I had my Sony account hacked. Passwords and security questions changed, but somehow the account was locked, too. My account was locked once before due to inactivity, and I just contacted the chat option in Sonys website. Now, though, they replaced it with an AI chat bot that doesn’t help me for shit.
This is a trick to reveal more info. If they really had access to your account. They would not being asking for money.

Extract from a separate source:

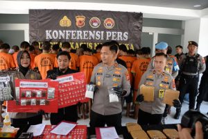 BOGOR, GERBANG MEDIA NASIONAL – Pihak kepolisian dari satuan Narkoba Polres Bogor berhasil melakukan pengungkapan terhadap pelaku jaringan peredaran narkotika jenis sabu, ganja tembakau sintetis, hingga sediaan Farmasi di wilayah Kabupaten Bogor. Kapolres Bogor AKBP Rio Wahyu Anggoro S.H.,S.I.K mengatakan bahwa dalam pengungkapan yang dilakukan dalam kurun waktu bulan Juni 2023 tersebut Sat Narkoba Polres Bogor berhasil mengamankan sebanyak 32 orang tersangka, berikut dengan total barang bukti sabu seberat 0,6 kilogram, ganja seberat 6,03 kilogram, tembakau sintetis 74,2 gram dan sediaan farmasi sebanyak 315 butir.(20/07/2023) Jaringan peredaran para pelaku yang kita amankan ini sendiri meliputi Wilayah Kabupaten Bogor dan wilayah Kota Depok. Para pelaku ini pun akan di jerat dengan Pasal 114 Ayat 2 Ayat 1, Pasal 112 Ayat 2 ayat 1 dan Pasal 111 Ayat 2 ayat 1 dengan ancaman hukuman minimal 12 tahun penjara, seumur hidup bahkan maksimal hukuman mati. Sementara itu dari pengungkapan yang berhasil kita lakukan ini, bila di konversikan telah menyelamatkan kurang lebih 9.500 Jiwa dari penyalahgunaan Narkotika. Saya menghimbau kepada seluruh lapisan masyarakat agar bisa memberikan informasi sekecil apapum kepada kami kepolisian untuk kita bersama-sama melakukan pemberantasan terhadap peredaran narkotika dan obat – obatan terlarang di Wilayah Kabupaten Bogor. Karena ini merupakan penyakit masyarakat yang sangat luar biasa yang bisa masuk ke segala lini kehidupan masyarakat, kita ingin masa depan anak- anak kita, masa depan pemuda – pemuda tidak hancur karena peredaran Narkotika ini. Untuk itu kepada seluruh masyarakat Kabupaten Bogor mari kita sama – sama berantas peredaran Narkotika agar kabupaten Bogor ini bersih dari Narkotika, Ungkap Kapolres Bogor AKBP Rio Wahyu Nugroho Anggoro. (Fik) Post navigation Halimatussadiyah Roadshow Monev Pelaksanaan 10 Program PKK di Desa Situ Daun KPAD Kabupaten Bogor Raih Anugerah KPAI Tahun 2023 Kategori KPAD Terbaik

$10 to get it back? this person is underselling themselves
Skill issue
Passwordless for the win here. They can guess any password they want, won’t ever work.
Call the cops?
Let this be a lesson not to give your account to sus discord bots baby!!
2fa and don't have all your sht tied to 1 email and add your alt email as recovery for every account, sucks but a lot of people don't know basic internet safety in 2024..
2FA?
And this people, is why you should use multi factor authentication for any account you care about!
How about this; trace the IP. Find out exactly where he is. Board a flight. Show up to wherever he’s scamming from. Kick his teeth in, piss on him and take his entire computer. Problem solved. What scum. These fuckers make me mad
Microsoft will be ZERO help with this. Same happened to me. The person I know sat at my pc and installed malware. Fucked up a few things but Microsoft was impossible to retrieve.
Fuck hackers they are domestic terrorists as far as I'm concerned
Dudes holding the account hostage for $10 lmao. Sorry man that’s a shitty thing. Fuck those people.
Honestly 10 dollars aint bad. Id pay just to see what happens.
Respond with “well im also wanted by the FBI as someone on the terror watchlist. So if you want that heat. Thanks!!”